## Exercise requirements
An exact reproduction of the entries is needed. Keep all pictures out of it.

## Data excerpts

========================================================================

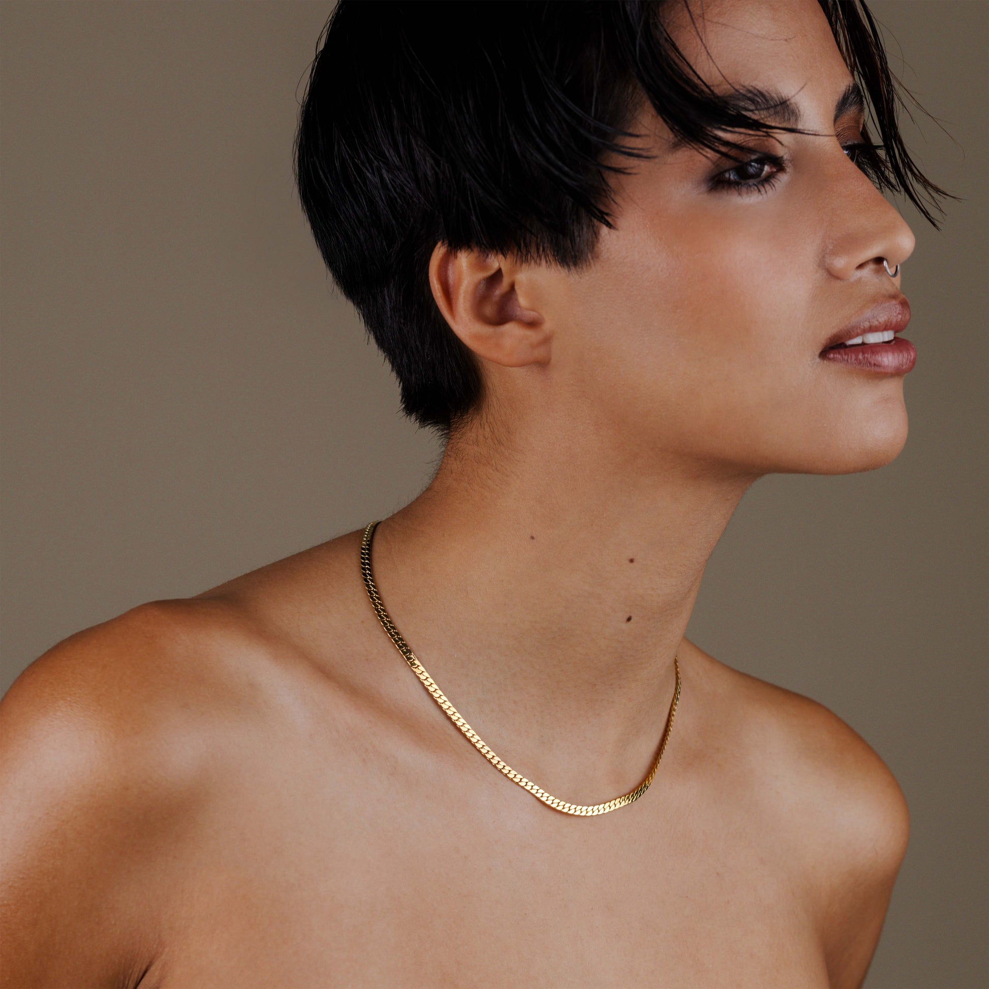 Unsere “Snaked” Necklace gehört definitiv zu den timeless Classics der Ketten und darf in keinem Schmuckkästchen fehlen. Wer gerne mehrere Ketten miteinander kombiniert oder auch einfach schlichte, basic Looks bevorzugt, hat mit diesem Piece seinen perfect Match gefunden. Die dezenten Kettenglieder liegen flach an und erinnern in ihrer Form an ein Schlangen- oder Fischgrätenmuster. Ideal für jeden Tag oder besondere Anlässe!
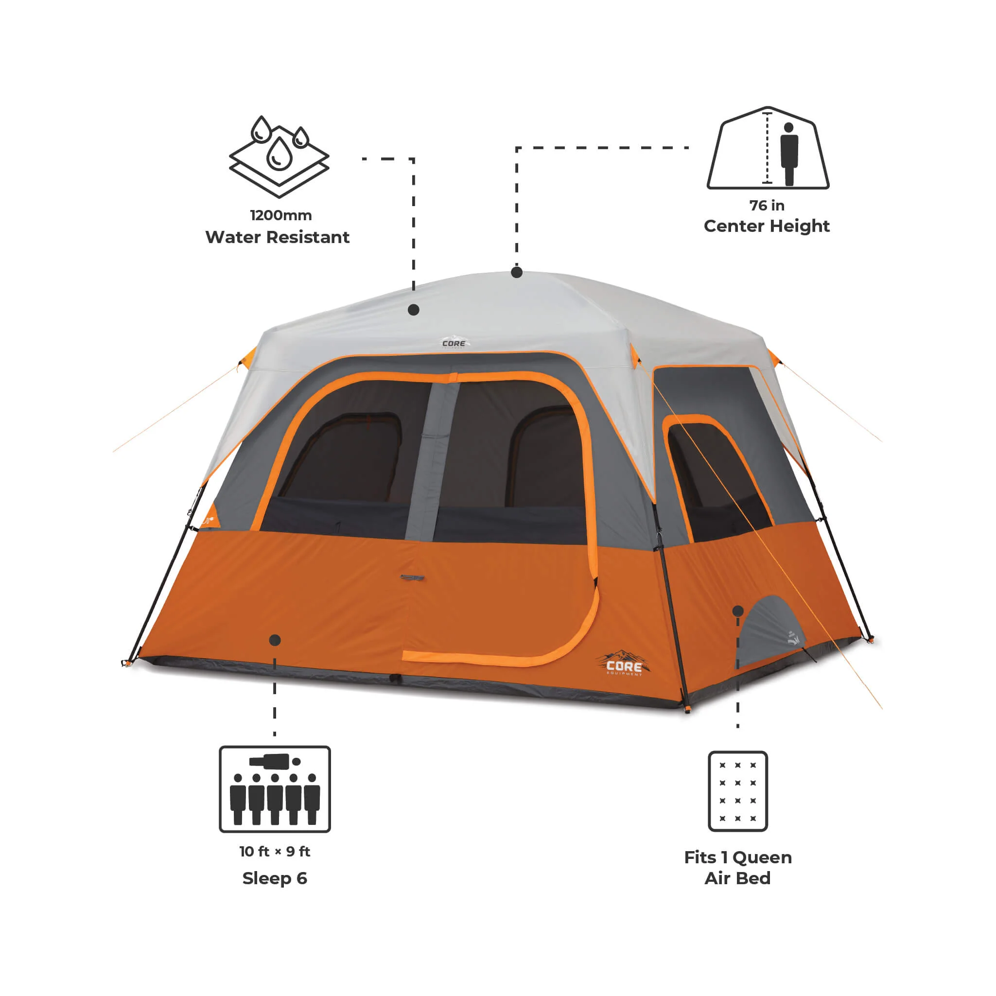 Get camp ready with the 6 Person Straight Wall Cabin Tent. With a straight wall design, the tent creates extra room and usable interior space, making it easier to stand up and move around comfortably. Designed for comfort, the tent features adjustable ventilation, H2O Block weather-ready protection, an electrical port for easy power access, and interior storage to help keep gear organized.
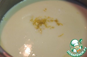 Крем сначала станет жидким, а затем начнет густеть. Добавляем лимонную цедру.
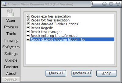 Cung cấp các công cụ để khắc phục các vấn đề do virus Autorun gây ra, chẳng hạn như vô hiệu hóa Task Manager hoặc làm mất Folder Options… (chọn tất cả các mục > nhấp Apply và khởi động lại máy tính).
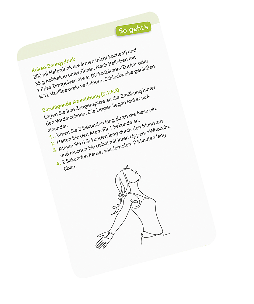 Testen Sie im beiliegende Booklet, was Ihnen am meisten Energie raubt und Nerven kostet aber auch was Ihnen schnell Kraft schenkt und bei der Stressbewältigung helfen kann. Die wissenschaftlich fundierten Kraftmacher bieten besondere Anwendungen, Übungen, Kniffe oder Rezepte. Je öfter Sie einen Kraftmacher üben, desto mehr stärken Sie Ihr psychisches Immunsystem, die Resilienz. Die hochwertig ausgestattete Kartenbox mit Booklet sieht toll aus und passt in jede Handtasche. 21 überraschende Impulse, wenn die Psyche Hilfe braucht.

========================================================================

## Answer for this exercise
 Unsere “Snaked” Necklace gehört definitiv zu den timeless Classics der Ketten und darf in keinem Schmuckkästchen fehlen. Wer gerne mehrere Ketten miteinander kombiniert oder auch einfach schlichte, basic Looks bevorzugt, hat mit diesem Piece seinen perfect Match gefunden. Die dezenten Kettenglieder liegen flach an und erinnern in ihrer Form an ein Schlangen- oder Fischgrätenmuster. Ideal für jeden Tag oder besondere Anlässe!
 Get camp ready with the 6 Person Straight Wall Cabin Tent. With a straight wall design, the tent creates extra room and usable interior space, making it easier to stand up and move around comfortably. Designed for comfort, the tent features adjustable ventilation, H2O Block weather-ready protection, an electrical port for easy power access, and interior storage to help keep gear organized.
 Крем сначала станет жидким, а затем начнет густеть. Добавляем лимонную цедру.
 Cung cấp các công cụ để khắc phục các vấn đề do virus Autorun gây ra, chẳng hạn như vô hiệu hóa Task Manager hoặc làm mất Folder Options… (chọn tất cả các mục > nhấp Apply và khởi động lại máy tính).
 Testen Sie im beiliegende Booklet, was Ihnen am meisten Energie raubt und Nerven kostet aber auch was Ihnen schnell Kraft schenkt und bei der Stressbewältigung helfen kann. Die wissenschaftlich fundierten Kraftmacher bieten besondere Anwendungen, Übungen, Kniffe oder Rezepte. Je öfter Sie einen Kraftmacher üben, desto mehr stärken Sie Ihr psychisches Immunsystem, die Resilienz. Die hochwertig ausgestattete Kartenbox mit Booklet sieht toll aus und passt in jede Handtasche. 21 überraschende Impulse, wenn die Psyche Hilfe braucht.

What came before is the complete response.